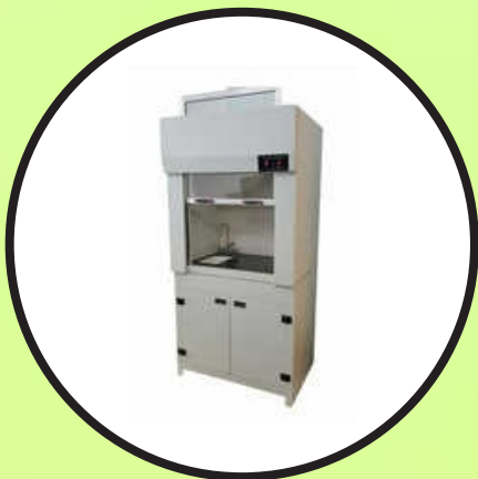
Laboratory Fume Hood
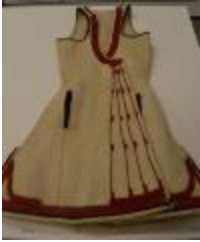
Jacket (2012.30.1) 1940s,
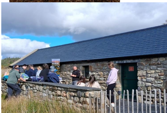
Selection of Photos from Solstice & Equinox Plant Walks to Art Installations - Images M. Gavaghan and N. O’Flynn
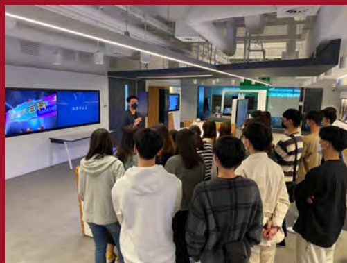
Students and lecturers participated the latest AI app provided by Microsoft Experience Centre.
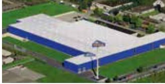
Hörmann KG Dissen, Germany
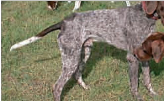
Fig 1. An undocked German Shorthaired Pointer tail. Compare the carriage and length in proportion to the body with that of the English Pointer (Fig 2).

Docking is a humane procedure that, when properly carried out, prevents serious injury and distress. Unlike neutering, tail docking is far less stressful with no hormonal or other side effects. Wingshooters, breeders of working dogs, field trial clubs and veterinarians who own gundogs agree that If tail docking is banned, the dogs would suffer and that failure
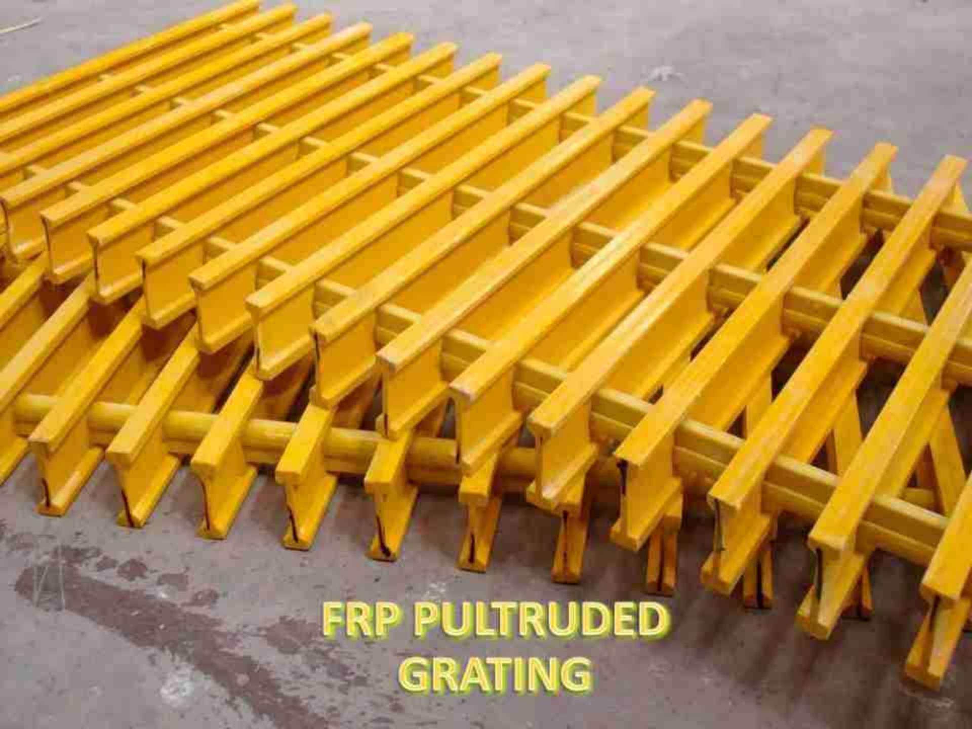
FRP PULTRUDED GRATING
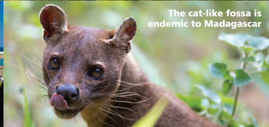
The cat-like fossa is endemic to Madagascar
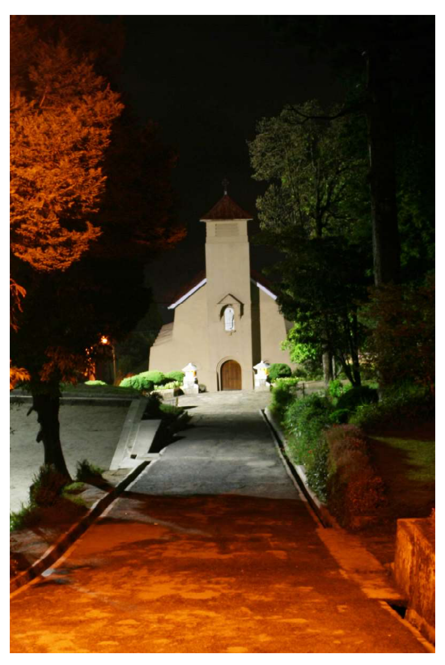
The School Chapel

================================

# Instructions for the task:
Find and copy each line in the material above where the string "with" occurs.

# Exercise response:
Fig 1. An undocked German Shorthaired Pointer tail. Compare the carriage and length in proportion to the body with that of the English Pointer (Fig 2).
Docking is a humane procedure that, when properly carried out, prevents serious injury and distress. Unlike neutering, tail docking is far less stressful with no hormonal or other side effects. Wingshooters, breeders of working dogs, field trial clubs and veterinarians who own gundogs agree that If tail docking is banned, the dogs would suffer and that failure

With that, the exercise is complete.